25.04.2012
L'après FN...
Les résultats des élections présidentielles françaises confirment une tendance lourde en Europe : la montée des extrêmes et, avec elle, celle des nationalismes, du rejet des élites et du « système ». On nous parle de vote sanction… Je veux bien pour une part mais on ne peut nier le socle solide et croissant sur lequel ces partis prennent pied à chaque scrutin. Quel est-il ?
Les principales cibles de cet électorat ne sont plus uniquement des fachos nostalgiques du nazisme, de l’Algérie perdue, de conservateurs voyant leurs filles fricoter avec des étrangers trop bronzés, le travail qu’ils prennent aux nationaux,… Enfin, je vous passe les clichés inutiles autant que répugnants.
Non, désormais, la cible s’est élargie aux classes ouvrières, aux agriculteurs, à toute une frange de la population disposant à la fois de faibles revenus et d’une formation limitée, plutôt éloignée de centres urbains et des communautés qu’elle dénonce, confrontée à un avenir de plus en plus sombre. Une population qui ne sait plus où elle va, qui se sent abandonnée par les élites et l’Etat, ceux-là mêmes qui laissent filer les entreprises à l’étranger, qui accordent trop de libertés aux marchés, qui dilapident le patrimoine national, etc. Ceux-là mêmes qui ne parviennent plus à conduire le pays, à protéger sa population et qui continuent à se gaver. Évidemment, tout ceci est aussi caricatural que les clichés fascistes. Mais dans un monde de plus en plus difficile à comprendre et lorsqu’on manque de culture politique, historique, économique, géopolitique,… on s’y raccroche plus facilement qu’à une réflexion complexe.
Donc, oui, j’accuse très clairement ces électeurs de réfléchir insuffisamment au fondement de leur idéologie, si tant est qu’ils en aient une, et à la portée de leur acte. Mais il faut relativiser cette accusation.
Tout d’abord, s’ils sont insuffisamment cultivés, au sens où je l’entends ci-dessus, la responsabilité en revient aux dirigeants des décennies passées et qui ont cru bon de réduire les budgets et la rigueur de l’éducation, tant à l’école qu’à l’extérieur (médias, notamment). Depuis quarante ans, voire plus, l’école ne forme plus des citoyens mais des futurs « travailleurs » ; la richesse individuelle, et donc nationale, devant tirer l’ensemble de la population vers un état de bonheur qui l’écarterait de questions politiques, de l’expression de frustrations diverses,… Erreur ! Ce faisant, l’écart s’est creusé entre ces populations et les élites, les uns ne comprenant plus les autres, tous se sentant dépositaires de droits alors qu’ils sont incapables de les exercer.
Ensuite, et ceci est évidemment lié à ce qui précède, les dirigeants manquent à la fois d’une vision, d’un projet de société, d’une stratégie pour y parvenir et, même s’ils en avaient, des capacités de motiver autour d’un projet collectif. Les écologistes constituent une exception parce qu’ils ont su développer un projet cohérent mettant en œuvre des actions complémentaires et multidisciplinaires. Mais ce projet reste mal porté.

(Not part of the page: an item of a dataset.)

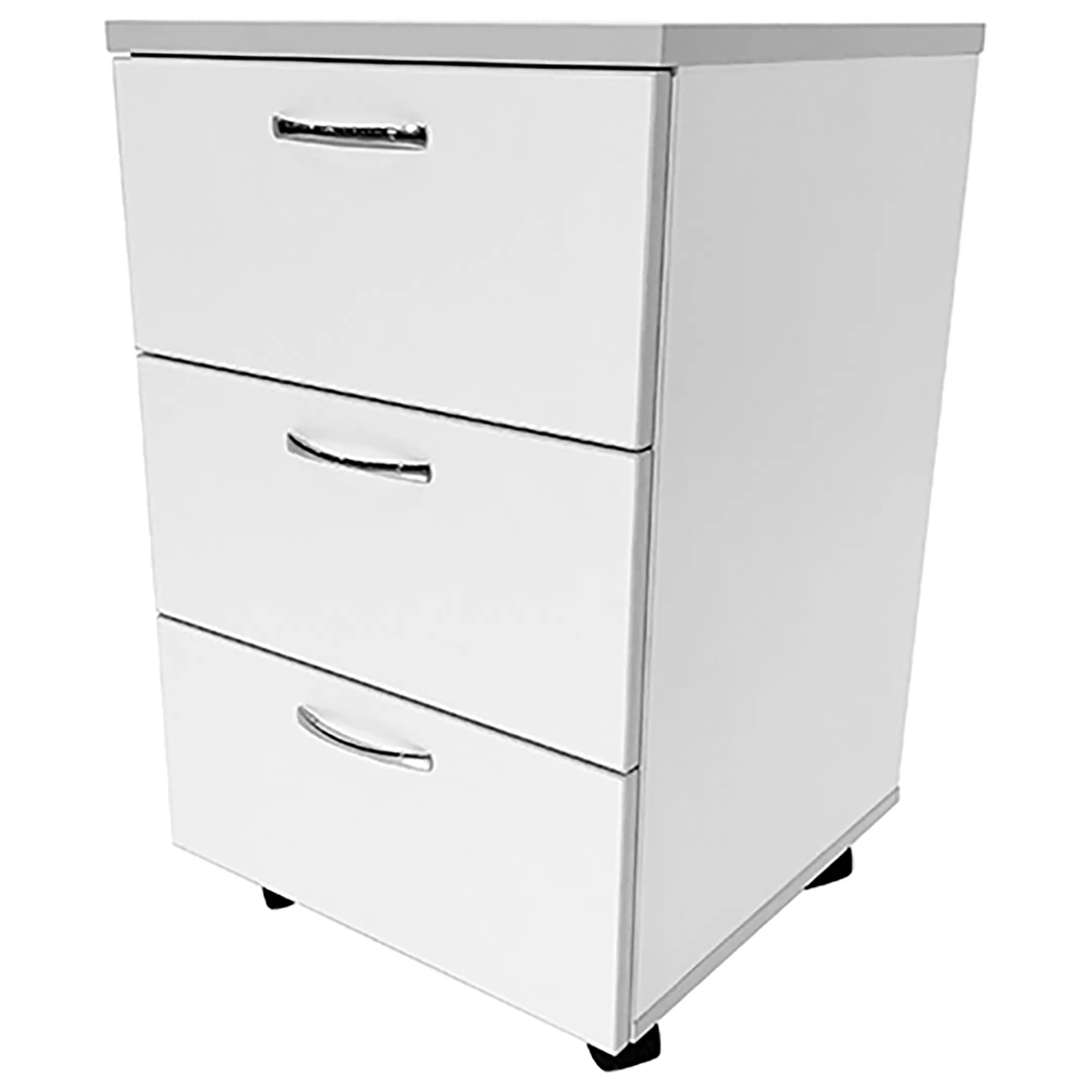 - Легкость перемещения — пластиковые ножки с колесными опорами диаметром 50 мм позволяют легко перемещать тумбу и фиксировать ее в нужном положении.

Outre la pensée (ou l’absence de pensée), dans l’action, les dirigeants réagissent au plus vite aux événements, au coup par coup, qu’ils improvisent en défense, et M. Sarkozy en est un bel exemple… Ajoutons à cela, un manque de charisme généralisé, une langue de bois inacceptable dans nos démocraties informées,… et l’on comprendra que les citoyens ne soient plus fiers de leurs dirigeants.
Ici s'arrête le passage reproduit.